A rich setting, indeed, for an engineer who hears ghosts in the walls. The book is available via Amazon.com and www.dmpulley.com/.
Time to re-launch? New pilot of Ohio aerospace wants universities in the flight plan
Ohio’s aviation industry hums with parts makers and propulsion experts, to a degree that may surprise many Ohioans. The state is the largest supplier of parts to both Airbus and Boeing.
That’s a fact trumpeted by John Sankovic, MSE ’03, PhD ’06, who suddenly has a new perch from which to share his pride—and his fear.
Sankovic, who earned his doctoral degree in biomedical engineering from the Case School of Engineering, in September was named president and CEO of the Ohio Aerospace Institute. The nonprofit research center promotes Ohio’s aerospace industry, in part by tapping the research power of the state’s doctoral-granting engineering schools.
To report to his new job, he walked next door from the NASA Glenn Research Center, where he worked for 31 years and rose to the position of Chief Technologist and Director of the Office of Technology Incubation. His pride in Ohio aviation is tempered by a nagging concern.
Sure, the Wright brothers designed their airplane in Dayton, and Ohio’s Neil Armstrong and John Glenn led the nation into space. But what has the state done lately for aerospace innovation?
Sankovic fears Ohio could be left behind as airlines pivot toward hybrid engines and greater fuel efficiency. For Ohio manufacturers to keep pace, he says, they are going to need new and stronger ties to university research labs.
“It’s a white space of new opportunity” requiring new propulsion systems, advanced materials and new kinds of engines, he argues. “They have to be made somewhere. Why not here? We have the manufacturing expertise.”
Sankovic wants to get his consortium of schools behind a push to design “electrified aircraft,” which will require advances in energy storage. That could tap the expertise of the Great Lakes Energy Institute at the Case School of Engineering. It will also, he says, require engineering schools to devote more energy and resources to aerospace.
“I really do see a need to strengthen the aerospace component of our universities,” he said. “We’ve lost a little bit. Many are not as active as they could be.”
He recalls when Ohio’s universities and the aerospace industry were once so tight, the president of Case Institute of Technology, T. Keith Glennan, took a leave to run NASA as its first administrator.
If there’s to be another aerospace age in Ohio, Sankovic said, universities will have to again play a leading role.

Pain free, drug free. The U.S. invests millions in alumnus-founded company targeting the opioid epidemic
With the nation in the throes of an opioid crisis, the healthcare industry is looking for new options for people suffering severe pain. Maria Bennett, MS ’98, may have the relief they need.
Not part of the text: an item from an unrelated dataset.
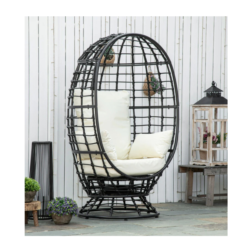 Outsunny Rattan Egg Chair, Oversized Freestanding Garden Egg Chair with Thick Tufted Cushion, Headrest, Steel Frame for Indoor and Outdoor Use, Charcoal Grey
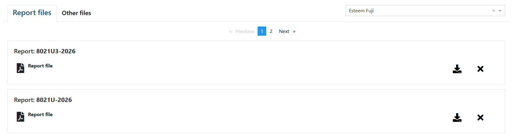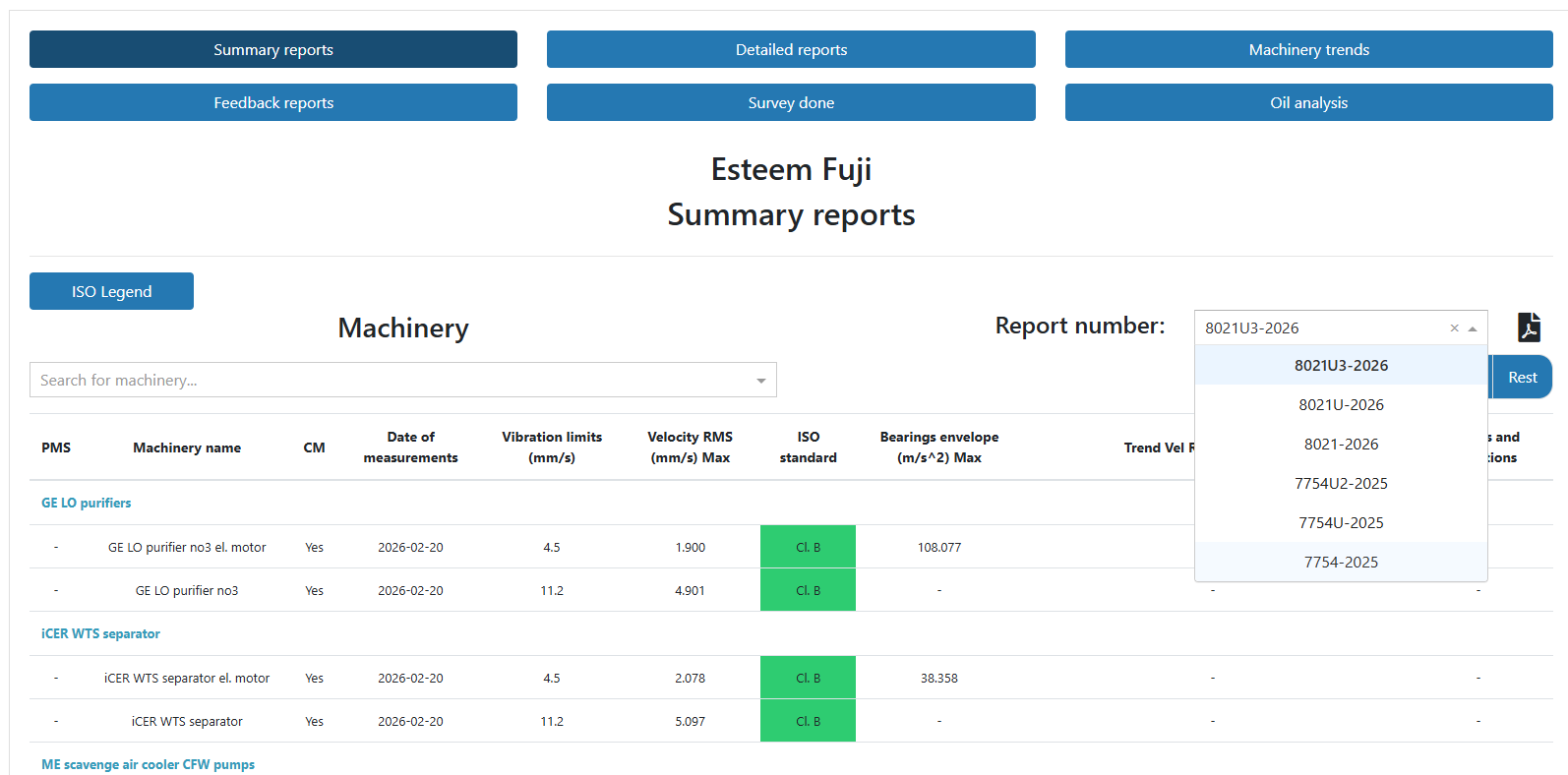 EN: W CBMie nie ma raportu Esteem Fuji 8021U2-2026: ani w zakładce summary reports, ani w report files, ani w List of machinery with alerts.

She’s the founder and president of SPR Therapeutics, a Cleveland medical device company that has achieved some success fighting pain with electrical stimulation through devices like the Smartpatch, which Bennett invented.
In October, the company announced $10 million worth of investments from the U.S. Department of Defense in the form of grants and a contract. The largest award, of $6 million, will support clinical testing of the company’s Peripheral Nerve Stimulation System, comparing it against conventional medical management for people with back pain. A recent study by the Carolinas Pain Institute found that the therapy promises a cheaper and less-invasive treatment option to reduce pain and disability. The authors conclude it could indeed “shift the paradigm” in chronic pain management.
Since its founding in 2010, SPR Therapeutics has attracted about $30 million in research grants and awards. Bennett, who earned her master’s in biomedical engineering at Case, expects to stay busy.
“The management of chronic and post-operative pain continues to be a challenge among U.S. military veterans and the general public,” she said in a statement.
She added that the opioid crisis illuminates the need for drug-free solutions, and that she’s honored the Department of Defense views her company as a worthy investment.